Short fiction by Andrew F. Sullivan

Andrew F. Sullivan

Illustration by Janet Ho

A fleck of topsoil found its way onto Paloma’s middle finger. She rolled the dirt back and forth against her thumb, examining what was left of the cactus her mother delivered a few weeks before. Something for you to nurture, the note said. The crisp cursive script was centred on the scrap of a pharmacy receipt. The woman was precise if nothing else.

This was the third plant her mother had left on her doorstop this year. They usually came from her house, sometimes her own garden. Her mother kept a beautiful garden behind the house, full and lush and fetid. The fences were high.

There was no security in Paloma’s building. The front door barely locked in the winter. The landlord said he’d fix it, but there were holes in Paloma’s bathroom ceiling from two winters ago when the pipes froze and they weren’t going to be filled any time soon. The entire building was full of halfhearted craters. One day, someone would leave the tub running and then she would have to find somewhere else to live. Paloma prodded the desiccated cactus twice before she popped the bit of soil into her mouth. Her tongue didn’t recoil.

It tasted like salt. Her mother would’ve approved.

***

“You’re a killer,” Santana said, pulling her lower lip down in the mirror. A nail clacked against her teeth, testing them against a red, throbbing gum line.

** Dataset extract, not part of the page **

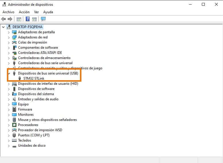 - Verificar nuevamente en administrador de dispositivos el estado del controlador y si aparece como se muestra en la imagen ya está listo STLINK.

“Killer for hire, just leave me alone with your loved ones for three weeks and something will happen. Or nothing will happen,” Paloma replied. “The negligent assassin.”

“I need to floss more,” Santana sighed. They hid in the bathroom whenever Mr. Cran decided to “hang” with the creative team for a “sesh.” Sometimes this could be an hour, but no one had ratted them out yet. There was still some solidarity on this floor of the building, a tacit understanding that their time was almost over. Flush+ was too big and running low on funds.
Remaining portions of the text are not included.